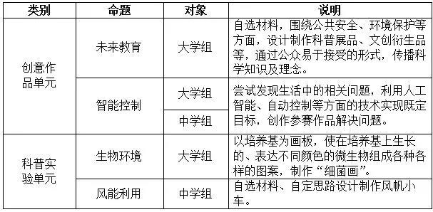 大賽設(shè)“創(chuàng)意作品”和“科普實(shí)驗(yàn)”兩個單元,其中“創(chuàng)意作品”單元設(shè)“未來教育”和“智能控制”兩個命題,著眼于現(xiàn)實(shí)問題的科普產(chǎn)品研發(fā)等;“科普實(shí)驗(yàn)”單元設(shè)“生物環(huán)境”和“風(fēng)能利用”兩個命題,突出任務(wù)驅(qū)動型活動,將競賽與科技館教育活動緊密結(jié)合。
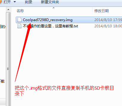 1:把上面下載並解壓出來的【Coolpad7298D_recovery.img】文件,也就是.img格式的文件,直接復制到手機的SD卡根目錄下。
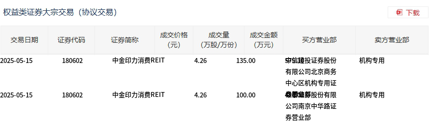 5月15日,中金印力消费REIT大宗交易成交235万股,成交额1001.1万元,占当日总成交额的49.18%,成交价4.26元,较市场收盘价4.27元折价0.23%。

What is required
Omit pictures; set down the rest of the material word for word.

Exercise answer
 大賽設(shè)“創(chuàng)意作品”和“科普實(shí)驗(yàn)”兩個單元,其中“創(chuàng)意作品”單元設(shè)“未來教育”和“智能控制”兩個命題,著眼于現(xiàn)實(shí)問題的科普產(chǎn)品研發(fā)等;“科普實(shí)驗(yàn)”單元設(shè)“生物環(huán)境”和“風(fēng)能利用”兩個命題,突出任務(wù)驅(qū)動型活動,將競賽與科技館教育活動緊密結(jié)合。
 1:把上面下載並解壓出來的【Coolpad7298D_recovery.img】文件,也就是.img格式的文件,直接復制到手機的SD卡根目錄下。
 5月15日,中金印力消费REIT大宗交易成交235万股,成交额1001.1万元,占当日总成交额的49.18%,成交价4.26元,较市场收盘价4.27元折价0.23%。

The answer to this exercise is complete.